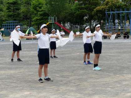 「燃えつきるまで 本気の 赤!」「氷のやいばで つきすすめ 白!」スローガンを言いながら、全員で応援しました。
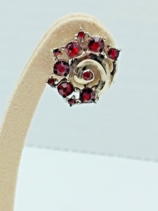 Vintage Silver Tone Royal Crest Screw Back Earrings with Red Rhinestones
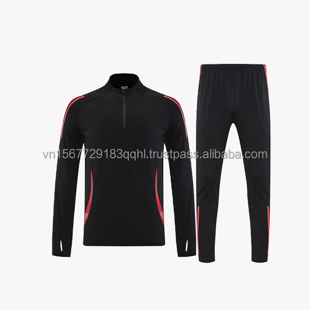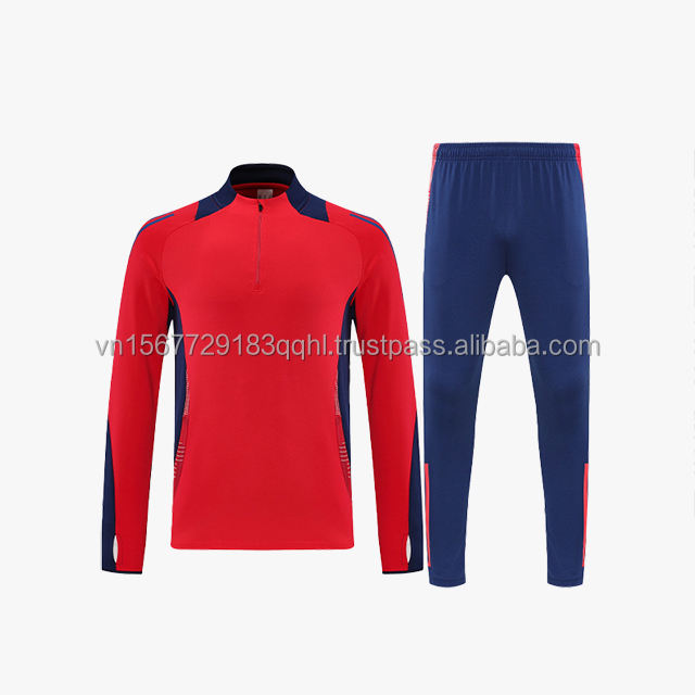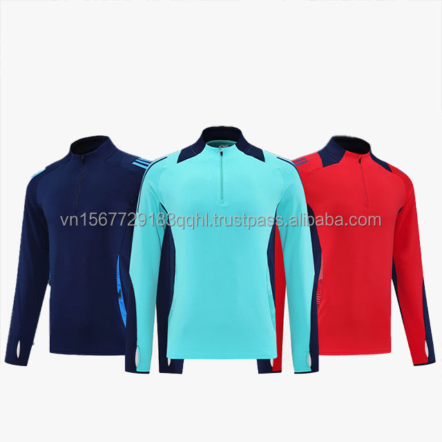 ชุดฝึกซ้อมฟุตบอลแขนยาวพิมพ์ลาย ชุดยูนิฟอร์มทีมแบบซิปครึ่งตัว 男女兼用 ปรับแต่งได้ ผลิตจากโพลีเอสเตอร์ 100% แห้งเร็ว ระบายอากาศได้ดี

__________________________________________________

● **WORK REQUEST**: Extract the full listing exactly, with the pictures left out.

● **TASK RESPONSE**:
 「燃えつきるまで 本気の 赤!」「氷のやいばで つきすすめ 白!」スローガンを言いながら、全員で応援しました。
 Vintage Silver Tone Royal Crest Screw Back Earrings with Red Rhinestones
 ชุดฝึกซ้อมฟุตบอลแขนยาวพิมพ์ลาย ชุดยูนิฟอร์มทีมแบบซิปครึ่งตัว 男女兼用 ปรับแต่งได้ ผลิตจากโพลีเอสเตอร์ 100% แห้งเร็ว ระบายอากาศได้ดี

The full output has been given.